No ano passado, comparando com 2018, mais de 5 milhões de pessoas estavam nas últimas três fases. A maioria dessas pessoas vivia em países afetados por conflitos, cerca de 77 milhões. Mudanças climáticas eram responsáveis pela situação de 34 milhões de pessoas e crises econômicas responsáveis por 24 milhões.

As piores crises eram Iêmen, República Democrática do Congo, Afeganistão, Venezuela, Etiópia, Sudão do Sul, Síria, Sudão, Nigéria e Haiti. Esses dez países eram responsáveis por 66% da população afetada.

Lusófonos

O relatório destaca uma lista de 35 países onde a situação é mais grave, que inclui Angola e Moçambique.

A situação mais preocupante é Moçambique. Com uma população de 27,9 milhões, 1,7 milhão de pessoas estava nas últimas três fases de insegurança alimentar, cerca de 1,4 milhão em situação de crise e 265 mil em emergência.

Mais de 67 mil crianças com menos de cinco anos sofriam de desnutrição grave e 42,6% tinha problemas de crescimento.

No ano passado, os ciclones Idai e Kenneth destruíram plantações e aumentaram o preço dos alimentos, piorando a crise alimentar que o país já enfrentava. Em 2020, as agências esperam que os números devem ser mantidos, devido à seca e cheias.

Já em Angola, a insegurança alimentar aumentou devido à seca nas províncias do sul e o afluxo de refugiados da República Democrática do Congo.

No país de 31,8 milhões, mais de 562 mil foram afetadas. Cerca de 272 mil viviam em situação de crise e 290 mil em emergência. Mais de 8% das crianças com menos de cinco anos sofriam de desnutrição grave e perto de 30% tinha problemas de crescimento.

Em 2020, a melhoria das condições de seca deve ajudar as pastagens e aumentar as perspectivas de produção agrícolas.

América Latina

Cerca de 14%, ou 18,5 milhões, das pessoas em fase de crise ou pior viviam na América Latina e Caribe.

As principais crises da região eram os quatro países do Corredor Seco da América Central (El Salvador, Guatemala, Honduras e Nicarágua), Haiti, República Dominicana e Venezuela.
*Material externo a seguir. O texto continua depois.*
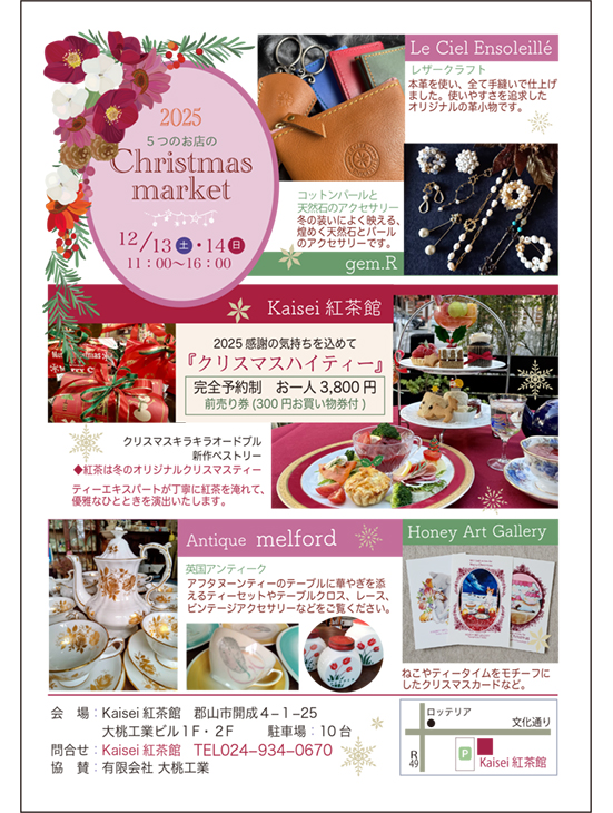 「5つのお店のクリスマスマーケット」は、12月13日(土)14日(日)11時から16時までKaisei紅茶館(郡山市開成4-1-25大桃工業ビル)で開催。参加店は、メルフォード(英国アンティーク雑貨)、gem.R(コットンパールと天然石のアクセサリー)、ル シエル アンソレイエ(レザークラフト)、ハニーアートギャラリー(Xmasカード)、Kaisei紅茶館では、Xmasハイティー(オードブル・食事・スイーツ・紅茶・3,800円・完全予約制の前売券販売中)を提供。
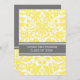 Graduation party invitation custom card in elegant and sophisticated bright lemon yellow, grey and white classic vintage floral damask pattern. Customise this grad announcement card by adding the year of your graduation and your graduation party details.
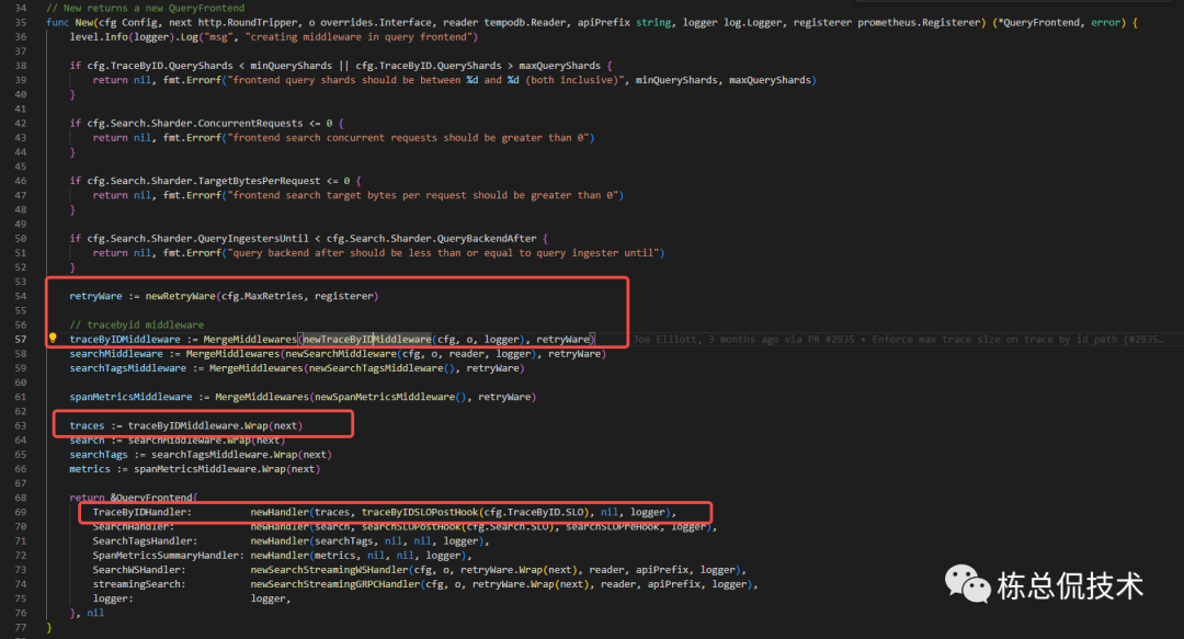 一次Wrap操作封装又传入了queryFrontend.TraceByIDHandler
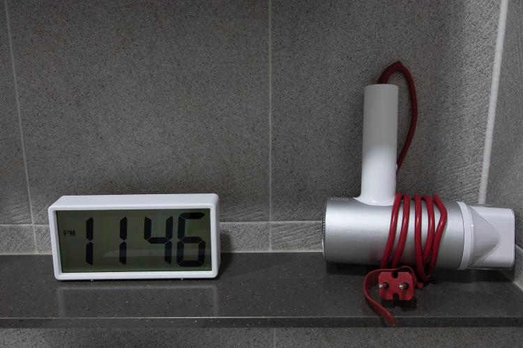 욕실에 큰 시계를 두어 멀리서도 잘 보이게 했습니다.바쁜아침에 시간을 확인할수 있어서 좋네요.
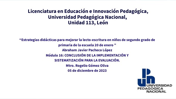 “Estrategias didácticas para mejorar la lecto-escritura en niños de segundo grado de primaria de la escuela 20 de enero ” Abraham Javier Pacheco López Módulo 16: CONCLUSIÓN DE LA IMPLEMENTACIÓN Y SISTEMATIZACIÓN PARA LA EVALUACIÓN. Mtro. Rogelio Gómez Oliva 05 de diciembre de 2023
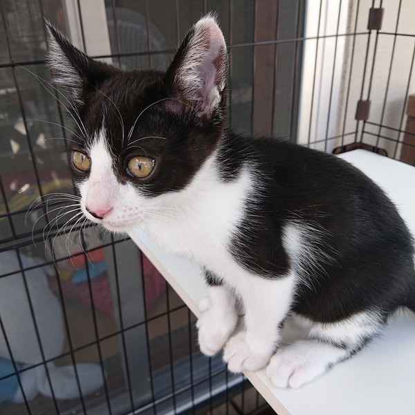 | 特徴(性格など) | 5月中旬に動物病院に連れて行った所肉付きがよく特に問題なしとのことでした。 その際にワクチンを打ちたかったのですが、当時2ヶ月過ぎてなかったのでまだ打ててません。 餌はドライフード、ウエットフード、離乳済み。 トイレは教えたわけでもないのにトイレで出来ます。 爪も爪研ぎダンボールでしてます。 片耳が白く可愛い子猫です。 しっぽはまっすぐです。 来た当初はシャーシャー言ってましたが、最近はゴロゴロ喉を鳴らす程懐いてます。 お風呂は苦手ですが、爪切りは全く抵抗がなくさせてくれます。 写真の最初の三枚は最近の物です。 |

Metade dos afetados, cerca de 9,3 milhões, estava na Venezuela.

Choques econômicos eram o principal fator. Na Venezuela, 2019 marcou o quinto ano consecutivo de recessão profunda. Os preços dos alimentos aumentaram mais de 8 mil % em 2019, destruindo o poder de compra dos venezuelanos. No Haiti, onde o número de pessoas com necessidade de assistência urgente cresceu 600 mil, a crise política e socioeconômica foi a principal causa.
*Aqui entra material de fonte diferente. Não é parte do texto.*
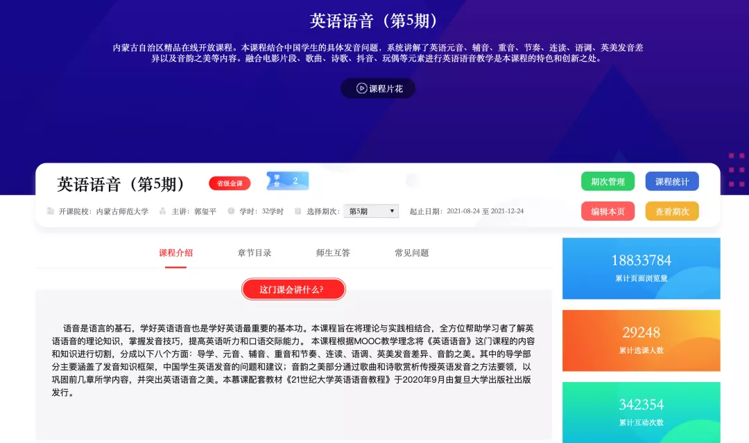 本课程于2019年9月在超星公司学银在线平台上线,现已运行至第5期,截至目前,来自全国1000多所学校的学生和社会各界的英语爱好者近3万余名学员注册学习该课程,累计页面浏览量近2千万次,互动次数34万余次。此外,本课程还在学习强国和中国高校外语慕课联盟(UMOOCs)另外两个平台同时运行。2021年7月,本课程被认定为自治区级一流线上课程。
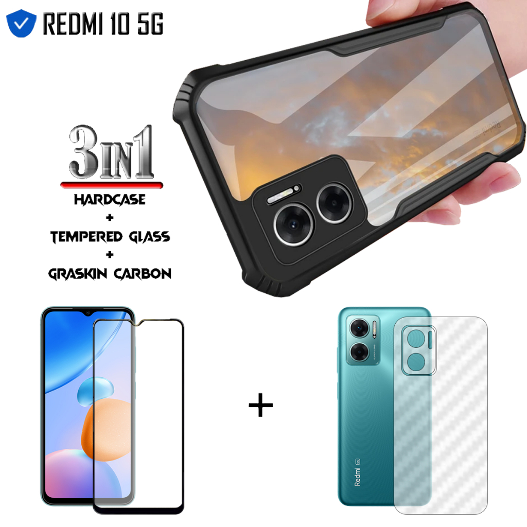 Paket 3 in 1 Redmi 10 5G Hardcase Transparan + Anti Gores Kaca + Garskin
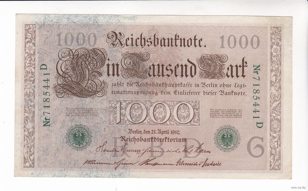 1000 МАРОК 1910 ГЕРМАНИЯ ЗЕЛЕНАЯ ПЕЧАТЬ
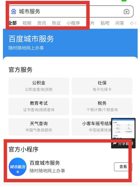 百度搜索『城市服务』小程序,点击进入后点击『教育服务』—『中小学教师资格证明查询』
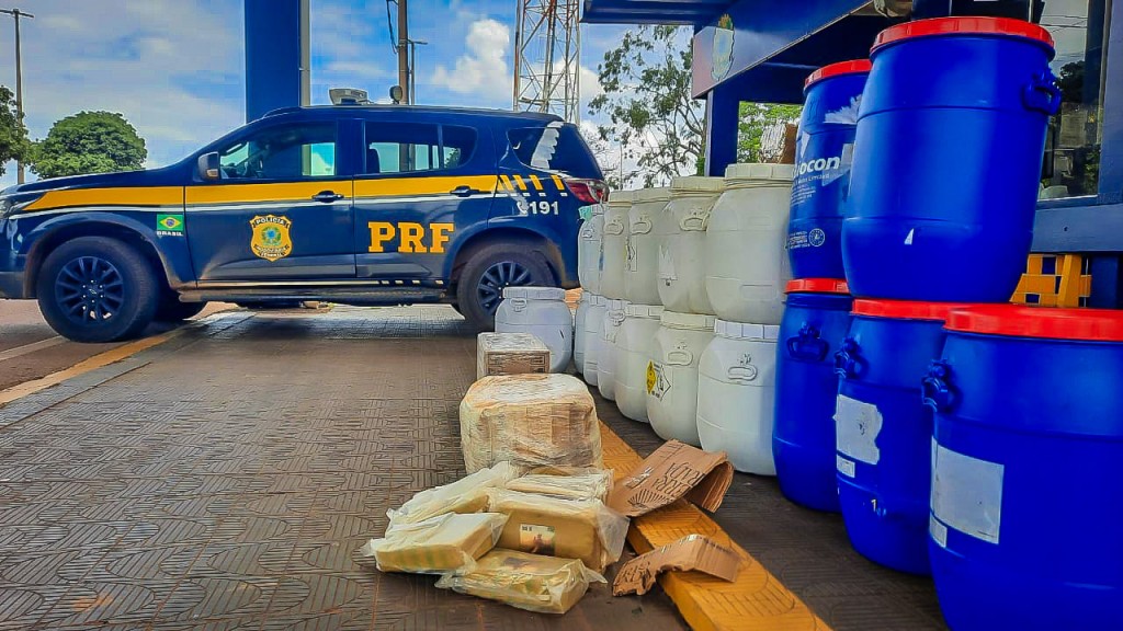 Durante a vistoria da carga, os policiais encontraram 18 galões plásticos e 6 caixas de papelão contendo o entorpecente, totalizando cerca de 600 kg, acondicionados em barras. O condutor informou que a droga foi carregada em Manaus (AM) e seria entregue em Goiânia (GO), mediante pagamento.
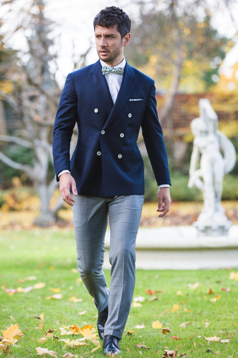 L’originalité de ce look réside aussi dans l’utilisation des boutons blancs, qui ressortent sur le bleu de la veste croisée. Cette dernière a longtemps été la veste du gentleman parfait. Considérée par certains comme démodée, elle est aujourd’hui de plus en plus appréciée des dandys du 21ème siècle.
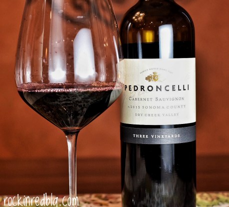 2015 Pedroncelli Three Vineyards Cabernet Sauvignon Dry Creek Valley USA ($20): 81% Cabernet Sauvignon, 12% Cabernet Franc, 3% Merlot, 3% Petit Verdot, 1% Malbec; medium+ ruby, medium aromas of black cherry, black currant, black berry, black raspberry, cinnamon, cloves, nutmeg, violets, toast, licorice, vanilla; a smooth wine with medium tannins and medium+ acidity, lots of spice on the palate, structured with a medium+ body and medium finish; well over delivers for the price. Click here to buy this wine.
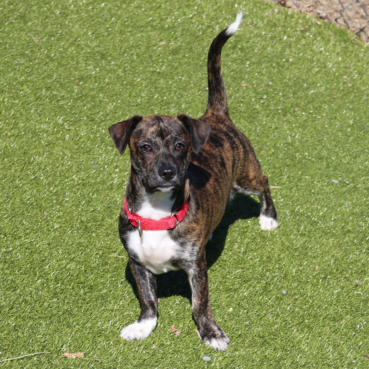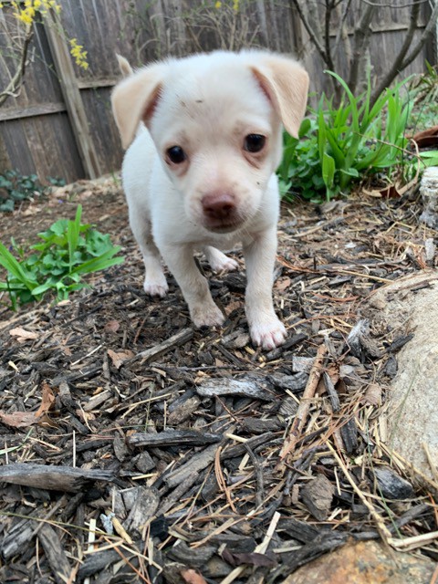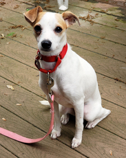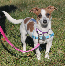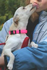 Lacy is a sweet petite girl with at least a little Jack Russell Terrier and Chihuahua in her. She is about a year old, 17lbs and has the sweetest face. She is a shy when first meeting new people but warms up quickly. Once she gets comfortable she is all about the cuddles. She loves playing with the other dogs in her foster home and she would do best in a home that has another dog. She seems housebroken, shares her toys and treats and is enjoying leisurely walks with her four legged friends. She also loves exploring the fenced in backyard as well as playing tag with her buddies.Lacy is gentle soul waiting for her forever family (without cats as she likes to chase them!)

A América Latina e o Caribe também estão sentindo o impacto das mudanças climáticas, com fortes furacões no Atlântico e secas na América Central, sendo a segunda região do mundo mais propensa a desastres climáticos.

Pandemia

Os dados do relatório foram recolhidos antes da pandemia de covid-19. Em 2020, a situação “é particularmente preocupante devido às previsões da evolução da pandemia.”

Os declínios na atividade econômica provavelmente diminuirão os orçamentos nacionais e das famílias. A situação alimentar pode continuar a piorar, mas a magnitude das consequências ainda não é conhecida.
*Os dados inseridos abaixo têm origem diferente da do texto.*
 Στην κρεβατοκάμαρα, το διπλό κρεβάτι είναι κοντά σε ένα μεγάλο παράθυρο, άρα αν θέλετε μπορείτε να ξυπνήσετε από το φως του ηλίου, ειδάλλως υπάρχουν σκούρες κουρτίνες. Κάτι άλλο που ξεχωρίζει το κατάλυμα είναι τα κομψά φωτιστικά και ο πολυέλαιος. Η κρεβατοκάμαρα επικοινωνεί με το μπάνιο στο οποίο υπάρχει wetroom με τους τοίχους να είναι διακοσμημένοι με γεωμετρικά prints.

A pesquisa afirma que “a maioria dos países mencionados não tem meios para realizar atividades humanitárias de resposta à pandemia e, ao mesmo tempo, proteger e apoiar os meios de subsistência dos seus cidadãos.”

Os autores alertam que os doadores internacionais “podem achar cada vez mais difícil priorizar ajuda no exterior quando as situações sociais e econômicas de seus países também estão sendo muito afetadas.” Apesar disso, a pesquisa afirma que os Estados-membros cobertos pelo estudo “não devem ser obrigados a escolher entre salvar vidas e salvar meios de subsistência.”